NP Rank:
Slavery: still alive and well in West Africa.
Ms Cacchioli says Anti-Slavery International has helped free about 80 women in Niger over the past five years. I imagine that ASI has been been planning this onslaught for some time. This case is especially interesting since Mali abolished slavery only recently. (I heard this news report last night and believe it said this had occurred in 2003). According to Anti-Slavery International, Mauritania has also officially abolished slavery, but Anti-Slavery International says 18% of the population are estimated to be slaves, although these figures are strongly disputed. Some ordinary Mauritanians argue that it is difficult to define who is a slave and abolishing slavery is not straightforward. It occurs mainly in remote, rural areas. When the Niger government outlawed slavery, it did nothing to ensure the practice was stopped. The BBC said that it was likely there will be many more cases brought against the Niger government. This could build up the pressure on other West African countries to do something serious about their slave populations.

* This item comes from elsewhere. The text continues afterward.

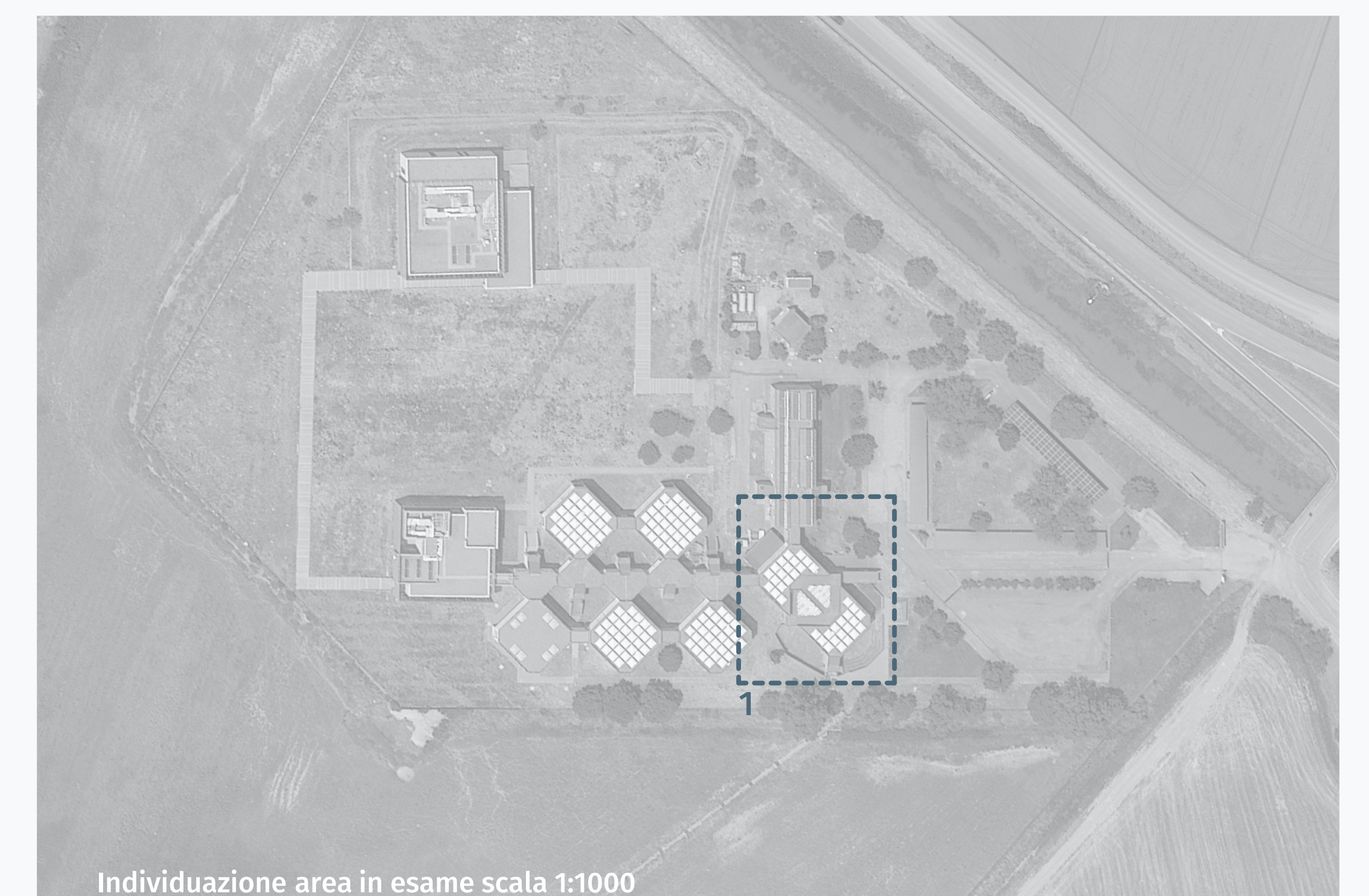
Individuazione area in esame scala 1:1000

In an earlier report (Using the kids), I mentioned that child slavery is also widespread in the cocoa trade in the Ivory Coast, in West Africa. A British TV documentary - Slavery: A global investigation reported that 90 % of the Ivory Coast cocoa plantations still had child slaves working on them. Many of these were very difficult for the film maker to track down.
The future:
Hopefully, this court case will spur the Niger government to take its new law seriously and put proper monitoring in place. The trouble is that slavery may well disappear underground. Whatever happens now, taking any further action is going to be a long, and a hard slog. After all the slave owners have too much to lose. They are not going to give up easily.
Post script (Oct 29th):
Kevin Bales from Roehampton University, London and Rachael Harrison are both authorities on this topic. Kevin Bales' book (Free The Slaves) lists the countries where slavery is still rife. Pakistan/Afghanistanm borders, Thailand (girls trafficked from Laos, Cambodia, Burma), Mauritania, Brazil, China (lots of action against slavry recently) and India (where, although the country has some of the best laws banning slavery, he says it has more slaves than anywhere else in the world). I plan to write a more considered piece on this important topic once have done some proper reading.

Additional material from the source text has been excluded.